Mon Feb 20 12:12:22 CET 2012

The two high-end architectures for GMP are AMD K8-K10 (i.e., all Opteron
except 62xx, Athlon 64, Athlon X2, Phenom, Phenom II) and Intel
Sandybridge (i.e., socket 1155 and 2011 Core i3,i5,i7).

We have great multiplication loops for K8-K10, addmul_1 runs at 2.5 c/l
and addmul_2 runs at 2.375 c/l.  (These loops are then used in
mul_basecaee, sqr_basecase, redc_1, redc_2, and a few other places.)
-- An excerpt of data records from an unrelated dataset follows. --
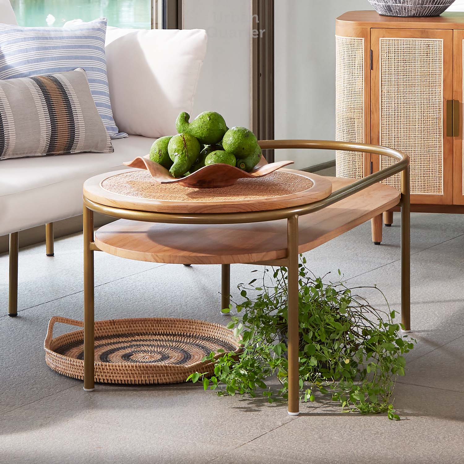 2. Solid kiln-dried teak wood frame in natural finish and natural woven rattan inserts. Gold metal.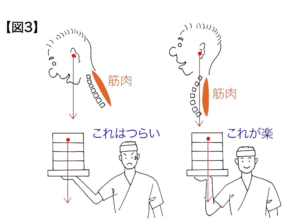このように、人の頚椎では、周囲についている筋肉を使って、いろいろな方向に動かすことが出来つつ、頭がい骨を支えています。つまり人は重力に対抗して色々な姿勢をとることが出来ます。首に負担のかからない良い姿勢とはどんな姿勢でしょうか。わかりやすく説明しますと、蕎麦屋の出前を思い浮かべてください。【図3】のように重い頭(重いそば)を斜めに支えるより、まっすぐ支えたほうが楽なのです。すなわち、頭の真下に頚椎がある姿勢がもっとも首の筋肉や首の骨にとって楽な姿勢ということが出来ます。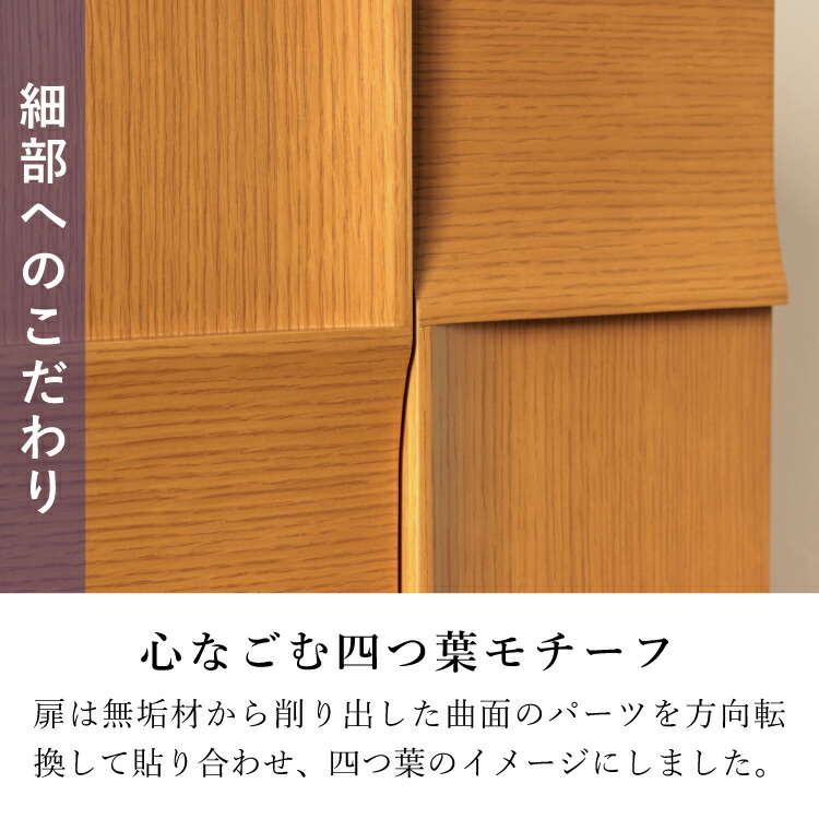 四つ葉のように貼り合わせた扉を開くと、開放的な広がりを感じます。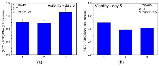 - Cell viability and proliferation assay after five days showed that the Ti25Nb10Zr alloy exhibited good viability and proliferation with values of approximately 10% higher, respectively, than the ones registered for pure Ti.

But our multiplication loops for Sandybridge are much worse.  The
current addmul_1 runs at 4 c/l and addmul_2 runs at about 3.4 c/l.  I
have new code running at 3.4 c/l and 3.3 c/l respectively.

The critical instructions for these loops are MUL and ADC.  The
throughput of MUL is great for both CPUs (actually better on Sandybridge
than K8-K10).  ADC is more tricky; AMD can issue 3 per cycle with a
latency of 1 cycle, bit for Intel the situation is trickier:

In all cases the carry-out has a latency of 1 cycle.  For "ADC $0,dreg"
the latency of dreg is one cycle, but for "ADC sreg,dreg" it is two
cycles.  (It is also 2 cycles for "ADC $const,dreg" when const != 0.)

The challenge is to beat 3 c/l with either addmul_1 or addmul_2.

Success will boost GMP's general performance on these processors, since
every higher-level operation depends on these lowest-level multiply
primitives.

-- 
Torbjörn